Sunday, June 9, 2013

Free but not really

I have finally completed my time at treatment.  5 months of it got me where I am today: healthy, assertive, self-loving, a little constipated, and about 20 pounds heavier. My hair and nails grow much more quickly, my heart rate is no longer that of a chihuahua's, and I can eat at restaurants like a semi-normal person.  Of course 5 months haven't reversed all the damage I've done to myself, and I still have issues with food, but for what it's worth, I've made pretty damn good progress.  159 days of abstinence, 159 days of resisting urges, 159 days of clarity.  I am living proof that people can change.

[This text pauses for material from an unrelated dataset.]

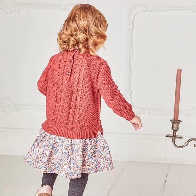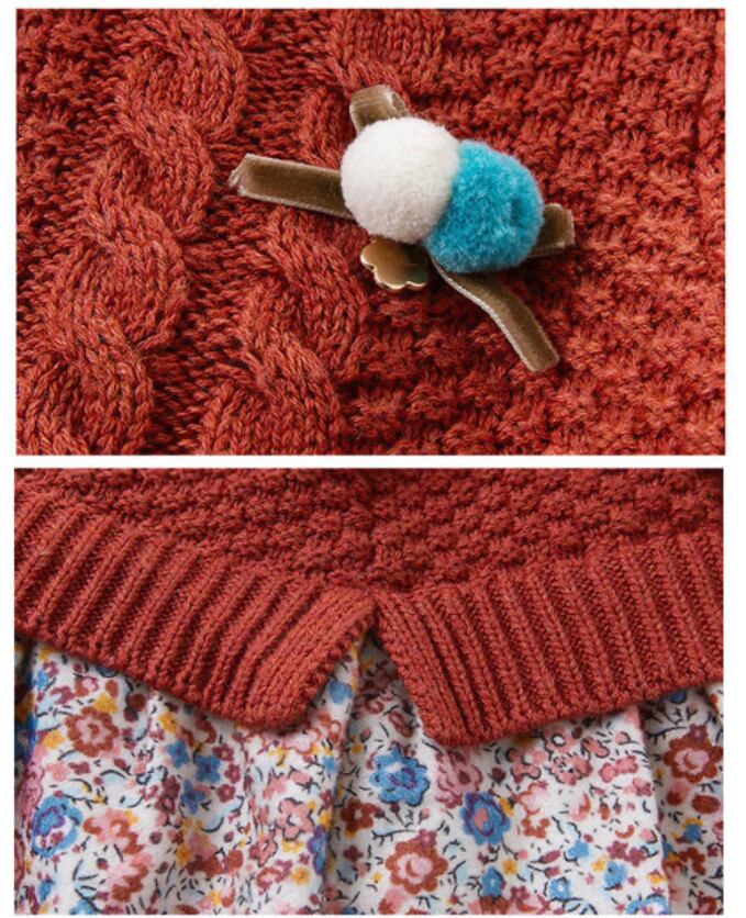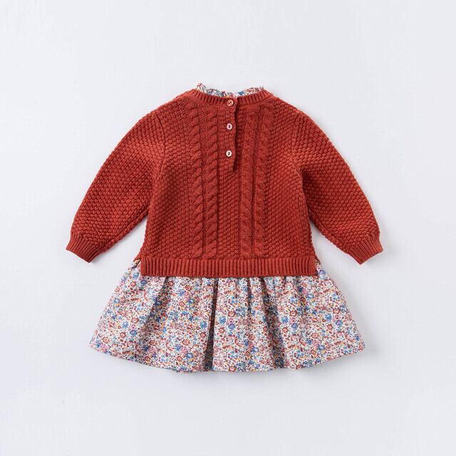 ケーブルニットドッキングフローラルプリントワンピース DB14920
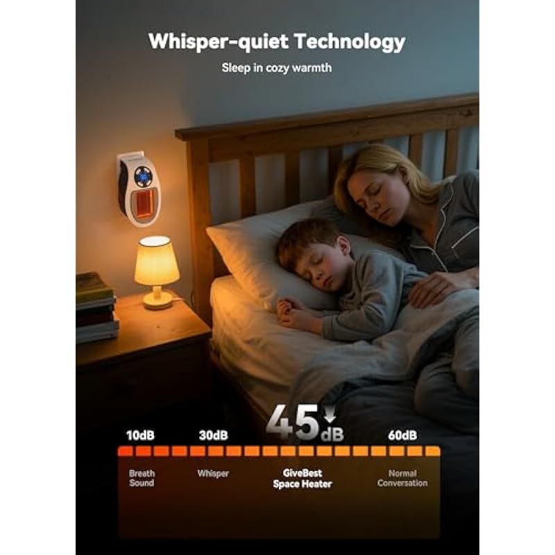 - 180° Rotatable Plug: The plug of the space heater is able to rotate 180° to accommodate power sockets in different condition and positions. If your power outlet is upside down, just rotate the plug to fit the outlet

Now that I am out of treatment, I have to begin planning.  Ideally, I would like to travel and couch-surf until my heart's content, but my future will be unstable.  If I get a job and live a structured set of months, I will be secure - financially, at least - but I think I will feel unsatisfied, emotionally.  I want to treat myself.  I want to allow myself to relax and take a mental vacation.  Plans, expectations, and obligations are what brought me to my addictions in the first place.   A break sounds like a good idea, but sometimes I think I'm being naive.  If I live the other way - making decisions based on how they will affect my future - I feel like I will remain stuck and fearful.  I've missed out on so much of life and now, I want to take advantage of and celebrate my new-found health and happiness, but would that be irresponsible/naive/impractical?  Even though I wonder all this, my fear of being unstable in the future will immobilize me, which is why I have already turned in a couple job applications. I'm not unhappy with my decision because I have accepted the sad truth that we need financial stability, but I am a little bitter of having to be stuck with obligations.  On the bright side, I can save up the money I make from my job and work on plan B: take classes at a community college, re-start my child-sponsorships, adopt a dog, and buy a piano.
In treatment, I felt like a newborn who just opened her eyes for the first time, and now, out of treatment, I feel like I've just learned how to walk on my own. I will be with my eating disorder for years to come, and without the help of a treatment facility to go to, I'm ready to test my strength and determination.  I'm excited for what the weeks and months ahead hold for me.